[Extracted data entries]
"""

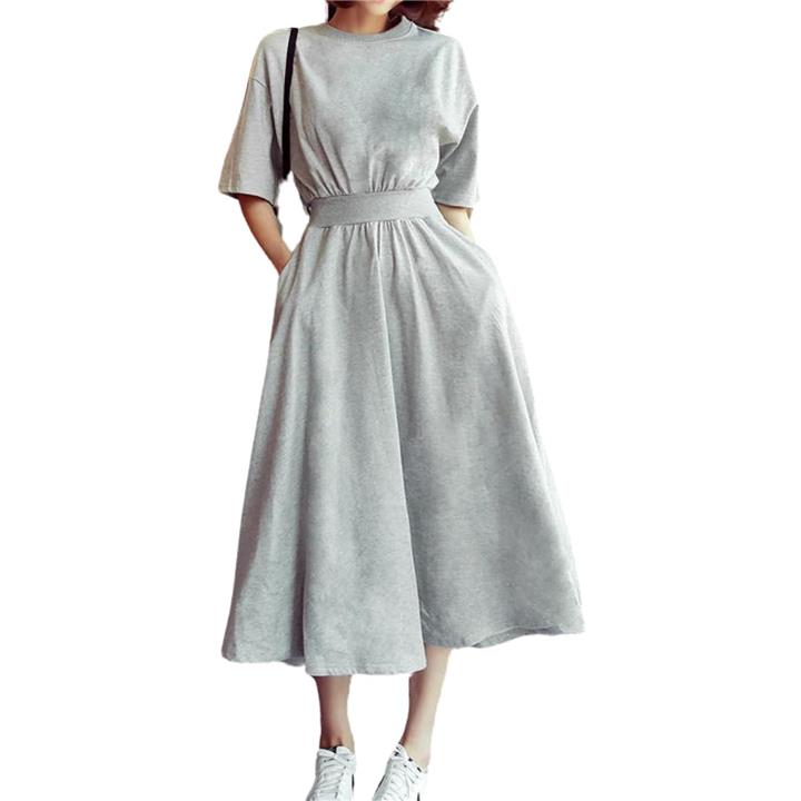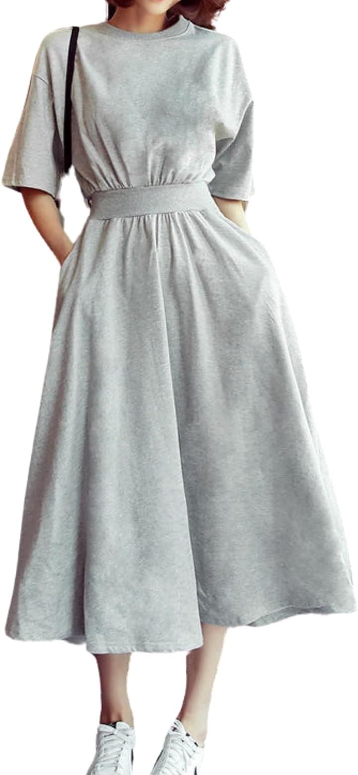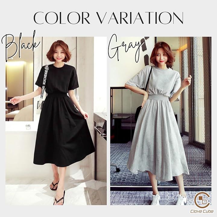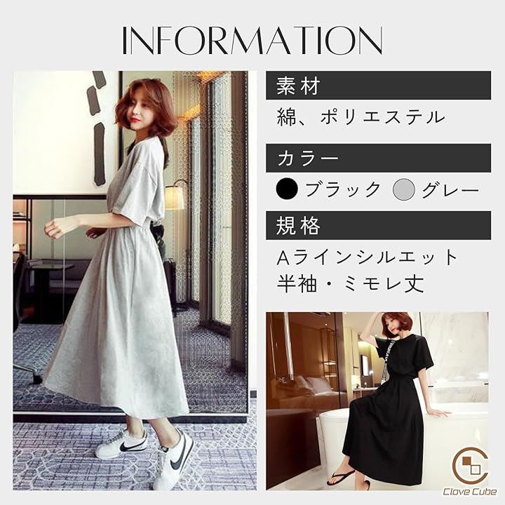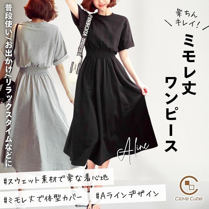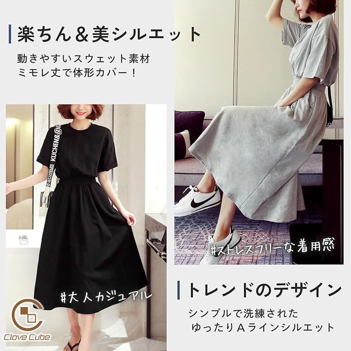 [Clove Cube] 「クローブキューブ」レディース ワンピース ミモレ丈 半袖 ひざ丈 スウェット カジュアル 大人 きれいめ |
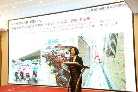 黄埔区红山街社区卫生服务中心护理站负责人罗岚对“红山·誉华扶老养老项目”进行了介绍,从家庭医生签约管理、康复护理、安宁疗护到医养结合,红山闭环的医养服务体系能为有困难的社区居民和老人提供及时、专业、持续的社区居家整合照护服务。
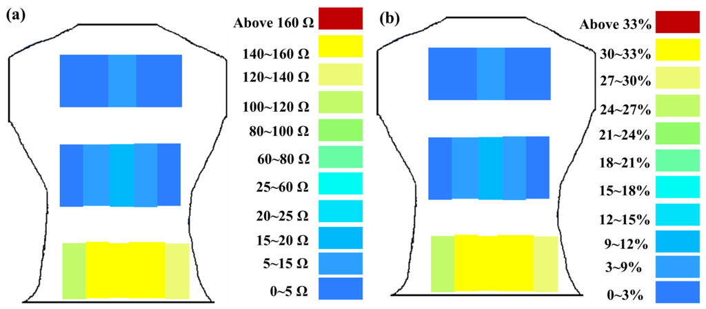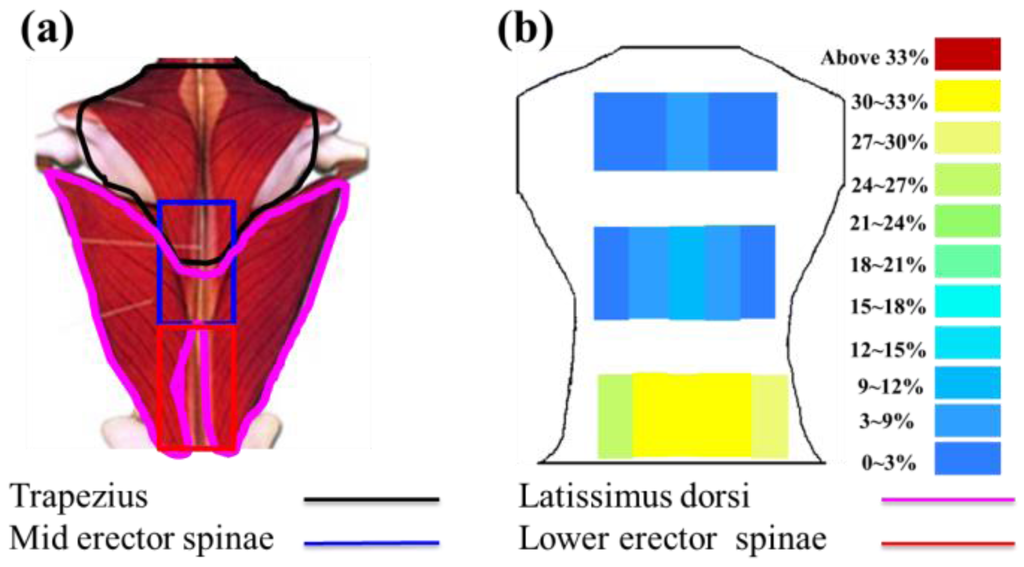 The greater the resistance changes measured by sensors, the greater the changes in skin stretch. The resistance changes measured by flexible sensor arrays are shown in Figure 13. Figure 13a shows the resistance change measured by flexible sensor arrays and Figure 13b shows the skin stretch. The similar changes pattern of Figure 13a,b conform to the concept of Roman chair hyperextension training, which trains the lower erector spinae primarily, this position also yielded the greatest resistance change. The latissimus dorsi and mid erector spinae also have training effect and yielded the second highest resistance change. While the trapezius had least training effect and yielded the smallest. It demonstrates that resistance changes measured by flexible sensor arrays had a positive correlation with skin stretch.
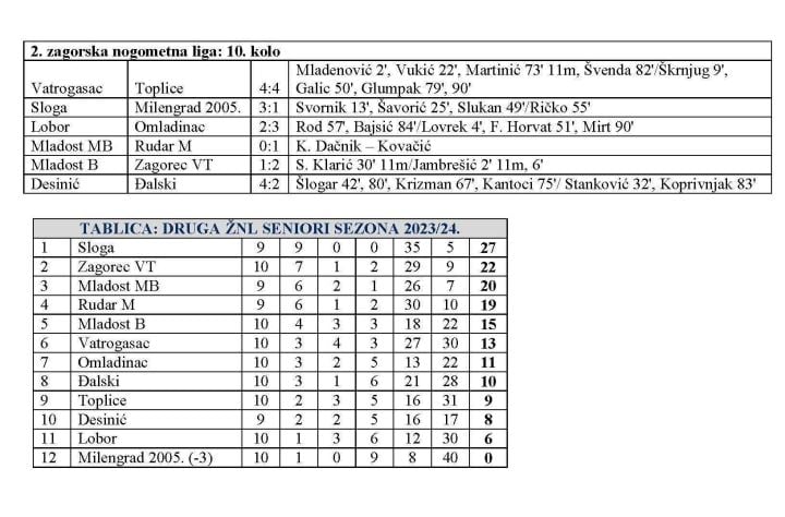 Odigrano je i 10. kolo 2. zagorske nogometne lige. Vodeća Sloga sa 3:1 je pobijedila Milengrad 2005. i sada ima 27 bodova. Zagorec VT je izbio na drugo mjesto sa 22 boda, nakon pobjede 2:1 kod Mladosti u Belcu. No, Sloga ima i utakmicu manje, pa je tako već sada osigurala jesenski naslov.
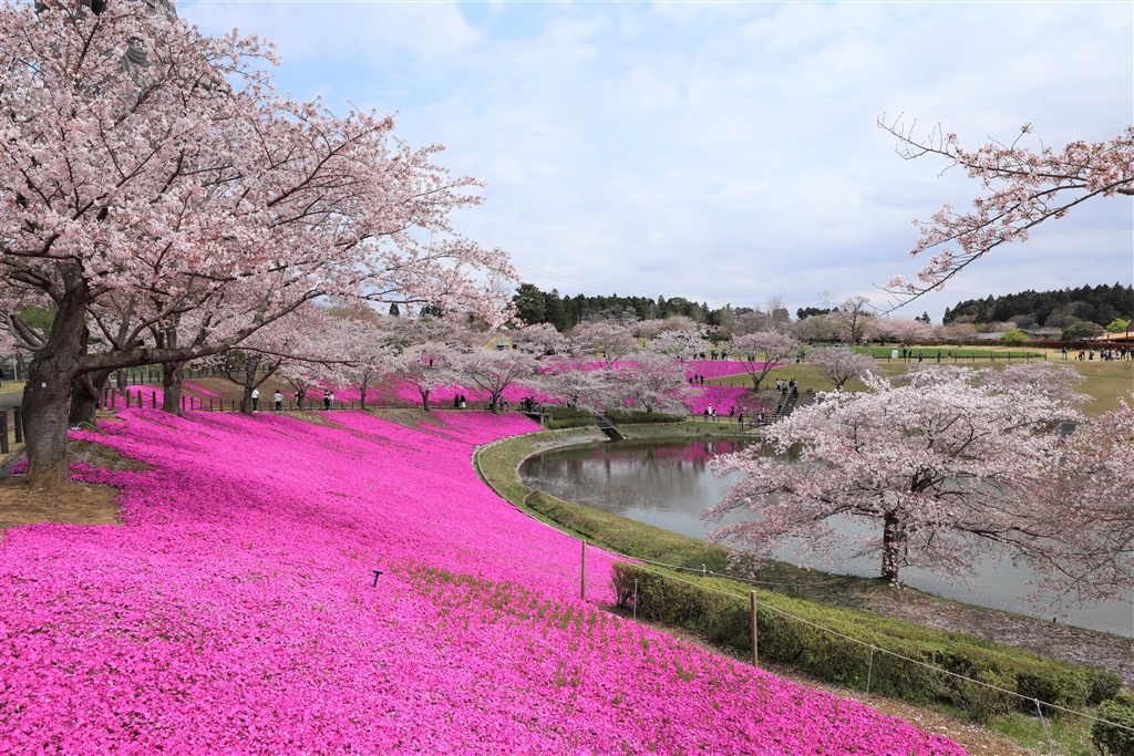 芝桜と桜の共演

"""

Task directions:
Word for word, set down the lines from the line with "Odigrano je i" through the last line of the entries, and nothing else; the pictures stay out.

Response area:
 Odigrano je i 10. kolo 2. zagorske nogometne lige. Vodeća Sloga sa 3:1 je pobijedila Milengrad 2005. i sada ima 27 bodova. Zagorec VT je izbio na drugo mjesto sa 22 boda, nakon pobjede 2:1 kod Mladosti u Belcu. No, Sloga ima i utakmicu manje, pa je tako već sada osigurala jesenski naslov.
 芝桜と桜の共演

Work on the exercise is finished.